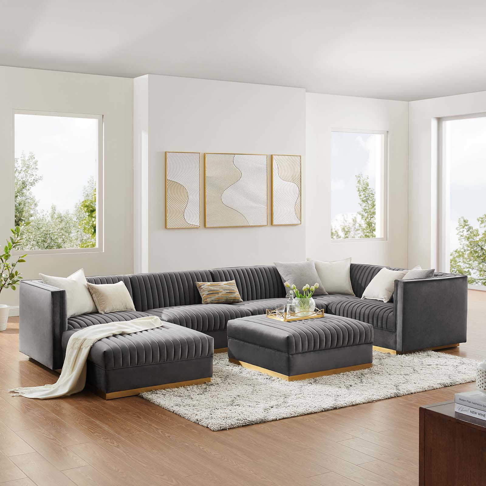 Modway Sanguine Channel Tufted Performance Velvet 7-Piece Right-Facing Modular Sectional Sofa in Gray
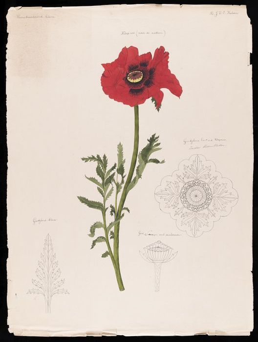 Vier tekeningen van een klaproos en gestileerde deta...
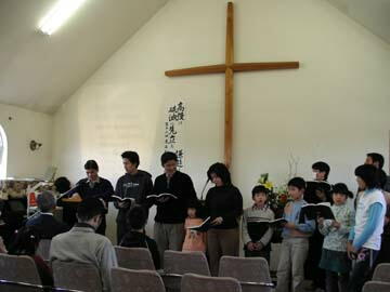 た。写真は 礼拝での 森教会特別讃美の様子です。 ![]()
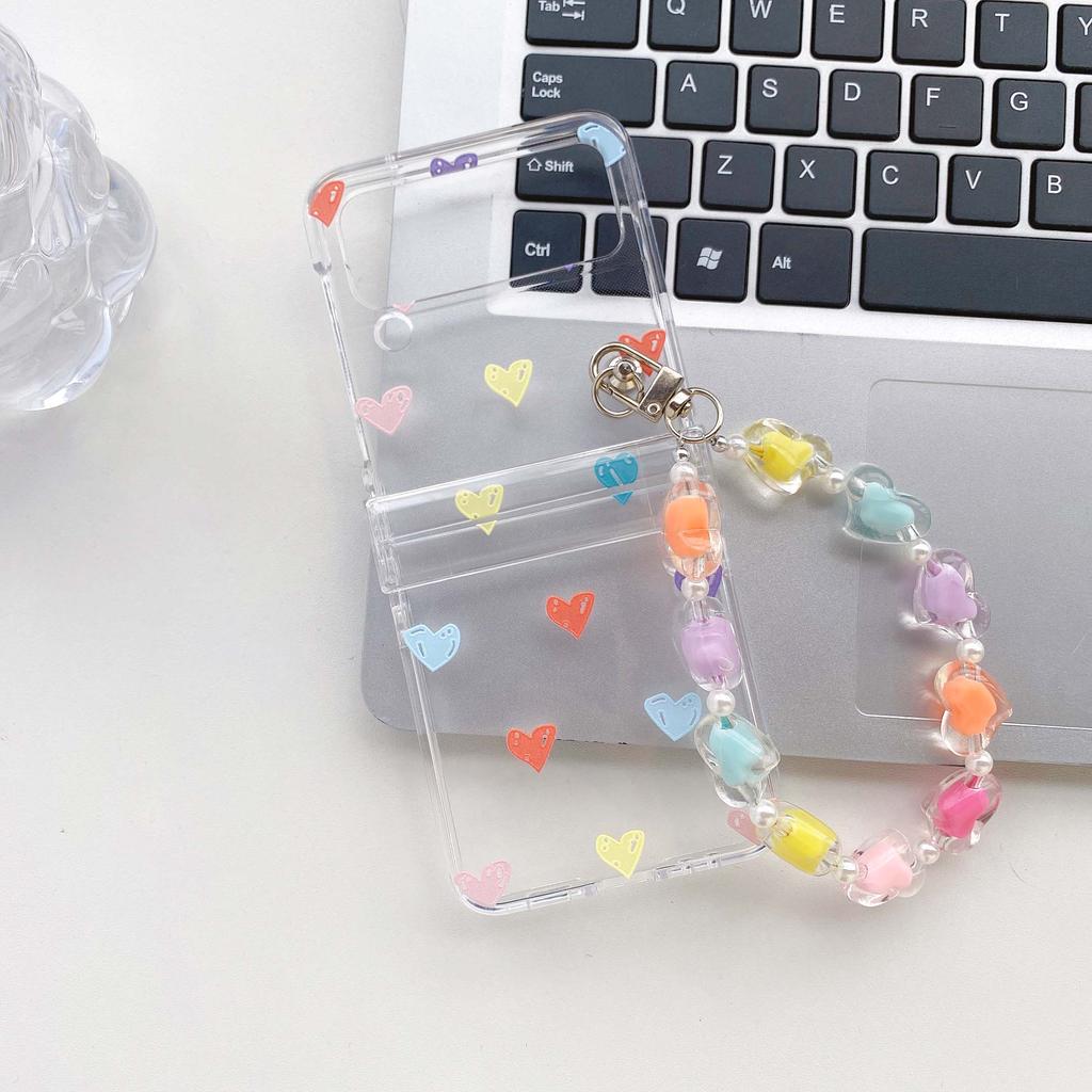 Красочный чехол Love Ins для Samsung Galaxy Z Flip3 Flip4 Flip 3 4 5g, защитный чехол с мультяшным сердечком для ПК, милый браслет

┄┄┄┄┄┄

The expected answer is the full listing above, transcribed exactly and without pictures.

 Modway Sanguine Channel Tufted Performance Velvet 7-Piece Right-Facing Modular Sectional Sofa in Gray
 Vier tekeningen van een klaproos en gestileerde deta...
 た。写真は 礼拝での 森教会特別讃美の様子です。 ![]()
 Красочный чехол Love Ins для Samsung Galaxy Z Flip3 Flip4 Flip 3 4 5g, защитный чехол с мультяшным сердечком для ПК, милый браслет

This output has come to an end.